In the most simple terms I can think of, consider the following equation:
x = 2 + y
What you are basically doing by saying that 3/16" line always has a resistance of 2psi/ft, is the same as saying that in the above equation, "x" is always equal to 6. You are completely ignoring that a part of the equation "y" is variable, and are treating it as a constant. The only way for x=6 is if y=4; there is absolutely no other way to make it true. Similarly, the only way for 3/16" line to have a resistance of 2psi/ft, is to have a flow rate equal to 1gal/min. If that flow rate changes, then the resistance cannot be "2psi/ft".
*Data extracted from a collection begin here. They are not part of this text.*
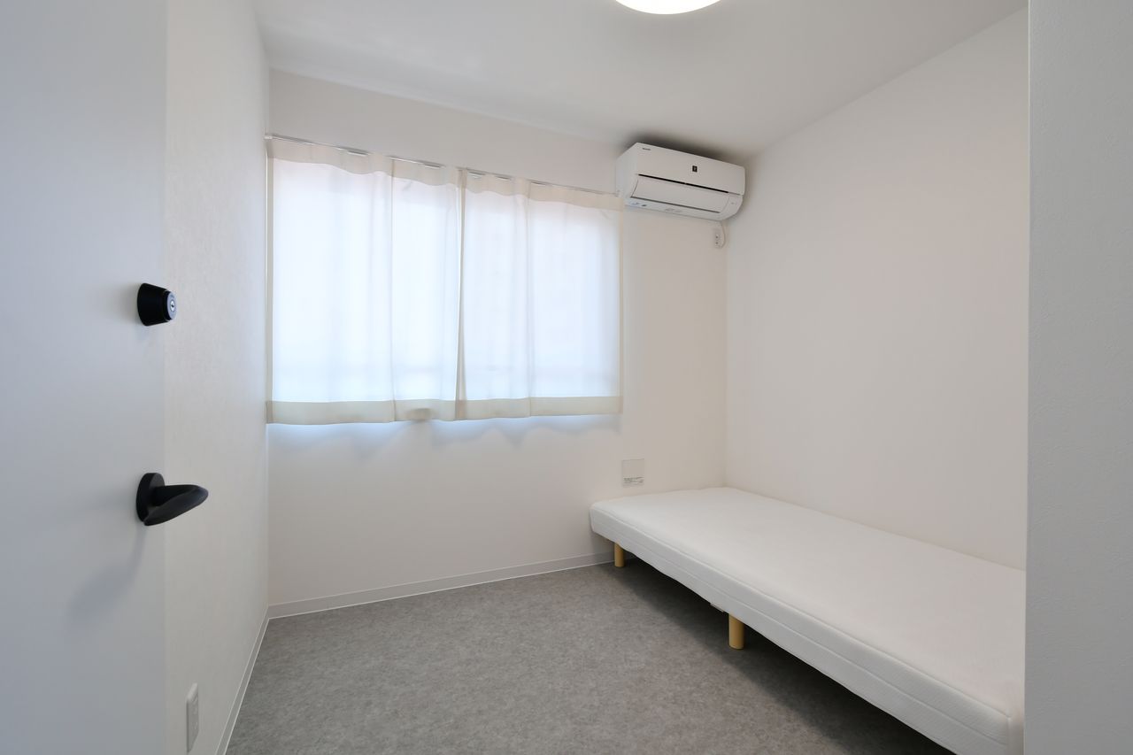 併設コワーキングスペース24時間利用可能。フリーランスの方、出張の多い方に特におススメ!6F、8Fがシェアハウス(各5室)、7Fがシェアオフィス。家賃にコワーキングスペース利用料が含まれており、住人さんはシェアオフィスを自由に24時間使用可能です。2017年、シェアオフィスは更に運動×仕事が成立する場となるよう進化中です!ビルのワンフロアを家にしているので、マンションのような綺麗さ。6Fは洗練されたデザインに和を足して和モダンなハウスになっています。月に一度住人さんみんなで食卓を囲むハウスミーティングはお友達なども参加可能なホームパーティーですので、こちらの参加のみでもお気軽にお問合せください。ハウス情報、6F:リビング、キッチン、風呂、トイレ、洗面台、洋室5部屋、ベランダ。7F:コワーキングスペース、キッチン、芝生エリア、フィットネススペース。8F:リビング、キッチン、風呂、トイレ、洗面台、洋室5部屋、ベランダ。
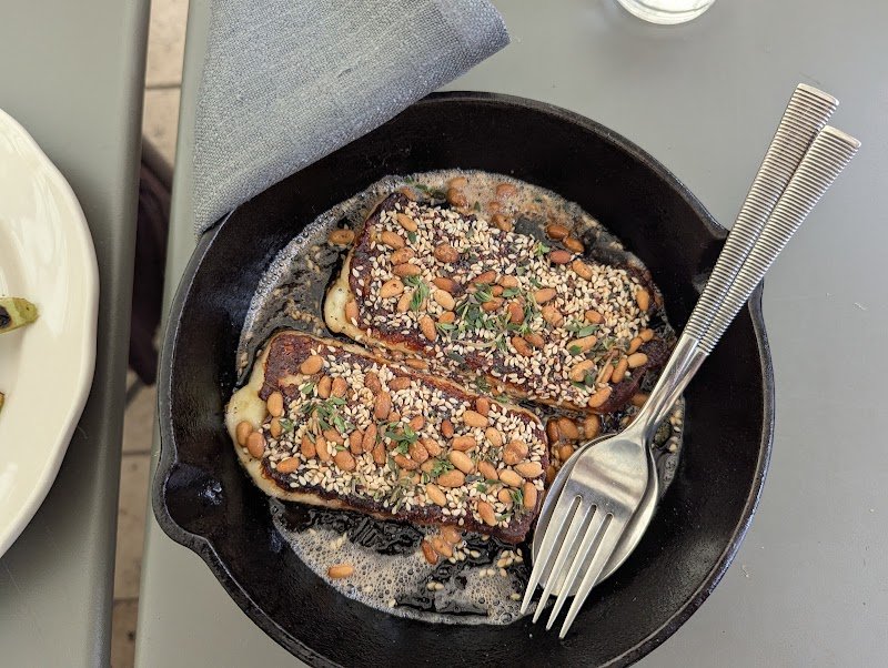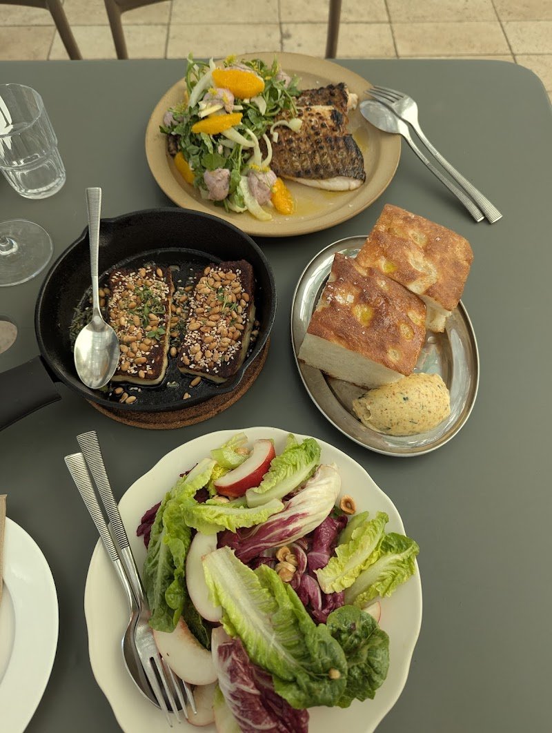 Blooming amazing eating option. The space itself is delightful, spacious and light filled and airy, quiet. Staff are friendly, pleasant, relaxing. Most importantly the food is excellent! The focaccia is amazing, the Halloumi is a sensation, the hummus is world changing. The bean dish was underwhelming. This is the sort of space I would bring friends in order to amaze them, and also the prices are reasonable for what is excellent food. UPDATE: I ate at bloom again. The halloumi was less great this time. Murray cod was very good. The summer leaves with nectarine I didn't think was that special. But overall the realisation was that this place is best with a larger group, at least 4+. The dishes are so great you want to try multiple different things, and the serves are generous so they can be shared between multiple people. With just two of us this time it ended up feeling more expensive, whereas a group of four could have ordered just a bit more, got to try more things, and ended up having just the right amount of food at a lower price.
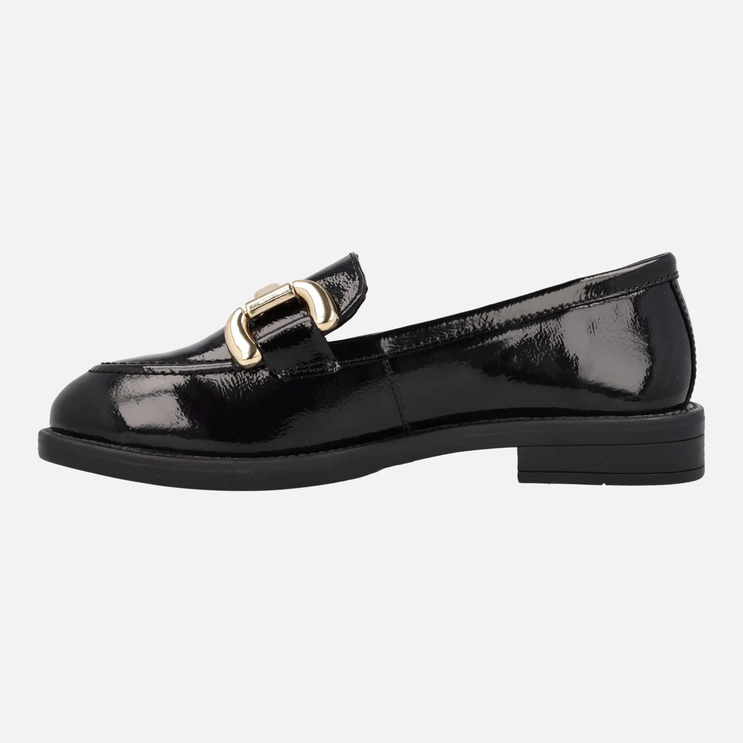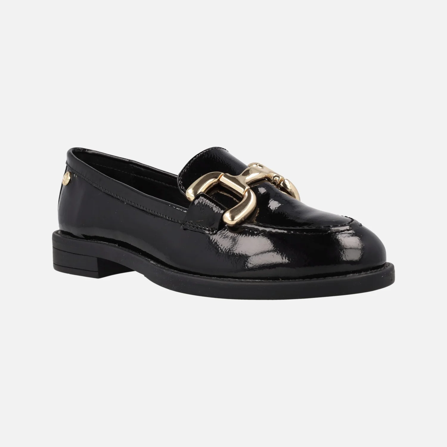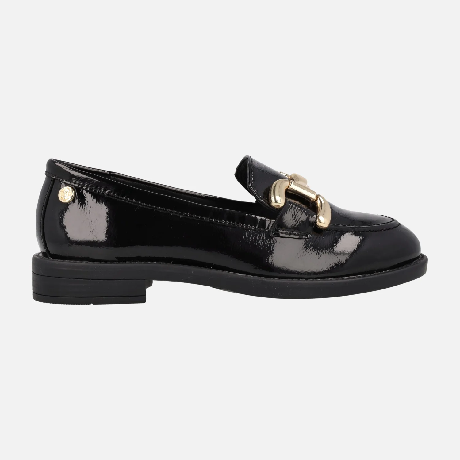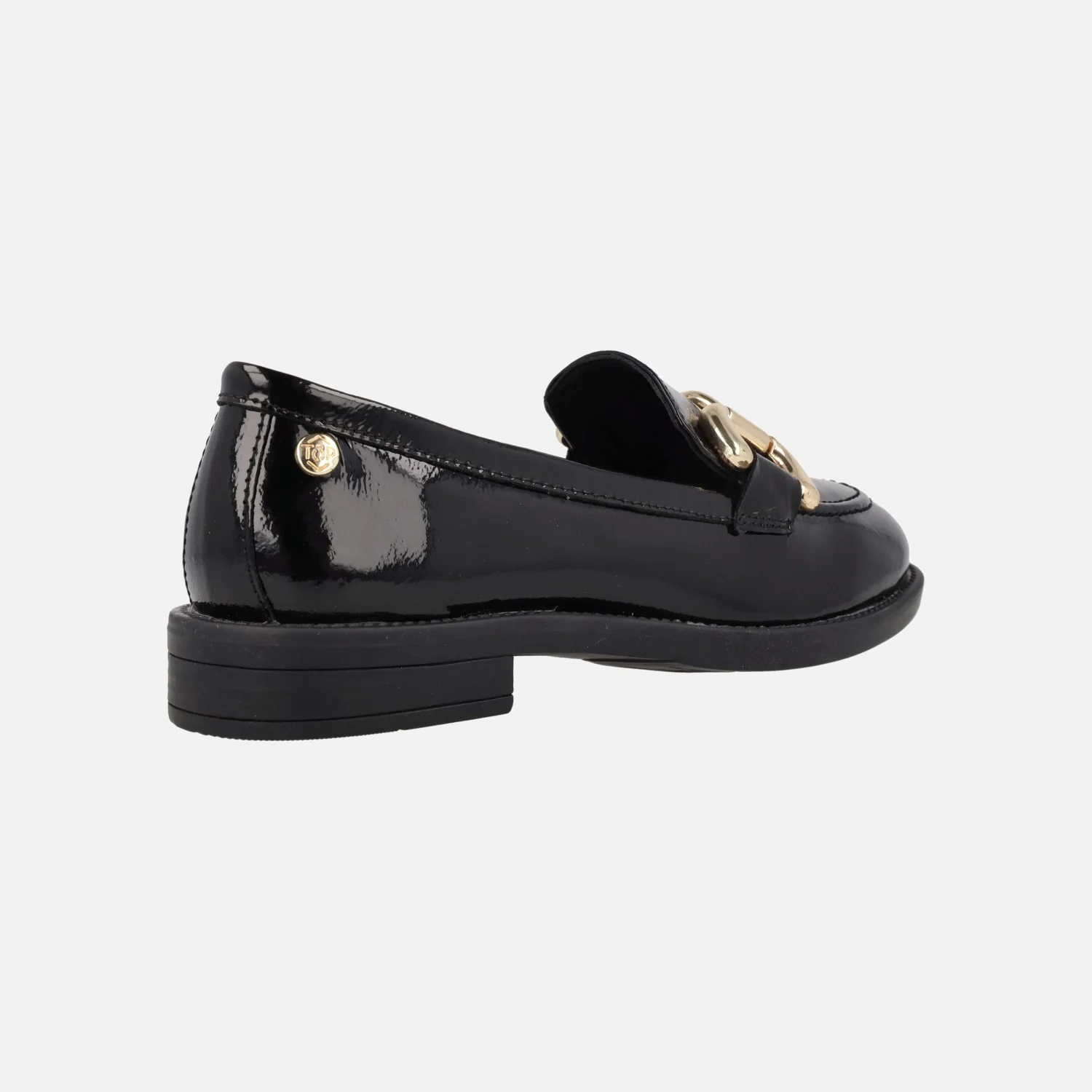 Mocasines negros de charol para mujer de la marca Top3 modelo 23845. Mocasines elaborados en piel charol, con adorno metálico dorado en el copete. Forro y planta de piel. Piso de goma con tacón de 2,5 cms de altura.

For the record, I'm not trying to argue either. I just want to help prevent the spread of misinformation regarding these flawed ideas of how resistance and line balancing work. I hear too many people saying things like "too long of lines will cause problems/foaming/etc", which couldn't be further from the truth. Sure, eventually you'll reach a length where the pour is unbearably slow. But changing your lines from 5' to 10' for any reasonable serving pressure >10psi will have minimal effect on flow rate.
I'm not trying to be an expert here, just explain things as much as I comprehend them. Perhaps someone more knowledgeable in this area can contribute better examples. I have a degree in mathematics, but fluid mechanics delves more into the realm of physics, of which it's been a while for me.